> **The task**
Return exactly those lines of the material below that fall between the line holding "İstanbul'da metroda patlama" and the line holding "ボウタイデザインが魅力なしっ", inclusive.

[Entries provided — start]

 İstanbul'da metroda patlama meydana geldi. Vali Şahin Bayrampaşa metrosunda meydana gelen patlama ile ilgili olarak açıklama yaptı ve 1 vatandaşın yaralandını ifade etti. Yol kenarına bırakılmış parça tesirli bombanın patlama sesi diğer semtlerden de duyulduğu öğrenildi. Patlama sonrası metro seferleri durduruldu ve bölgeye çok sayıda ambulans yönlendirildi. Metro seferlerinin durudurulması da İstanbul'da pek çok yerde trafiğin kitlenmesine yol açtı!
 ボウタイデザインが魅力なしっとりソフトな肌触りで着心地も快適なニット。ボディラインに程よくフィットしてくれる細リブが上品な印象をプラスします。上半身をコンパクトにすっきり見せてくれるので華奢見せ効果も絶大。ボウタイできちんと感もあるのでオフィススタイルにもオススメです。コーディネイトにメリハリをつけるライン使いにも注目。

[Entries provided — finish]
[Entries provided — start]

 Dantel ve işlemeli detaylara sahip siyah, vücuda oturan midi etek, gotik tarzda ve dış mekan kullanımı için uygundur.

[Entries provided — finish]

> **Response area**
 İstanbul'da metroda patlama meydana geldi. Vali Şahin Bayrampaşa metrosunda meydana gelen patlama ile ilgili olarak açıklama yaptı ve 1 vatandaşın yaralandını ifade etti. Yol kenarına bırakılmış parça tesirli bombanın patlama sesi diğer semtlerden de duyulduğu öğrenildi. Patlama sonrası metro seferleri durduruldu ve bölgeye çok sayıda ambulans yönlendirildi. Metro seferlerinin durudurulması da İstanbul'da pek çok yerde trafiğin kitlenmesine yol açtı!
 ボウタイデザインが魅力なしっとりソフトな肌触りで着心地も快適なニット。ボディラインに程よくフィットしてくれる細リブが上品な印象をプラスします。上半身をコンパクトにすっきり見せてくれるので華奢見せ効果も絶大。ボウタイできちんと感もあるのでオフィススタイルにもオススメです。コーディネイトにメリハリをつけるライン使いにも注目。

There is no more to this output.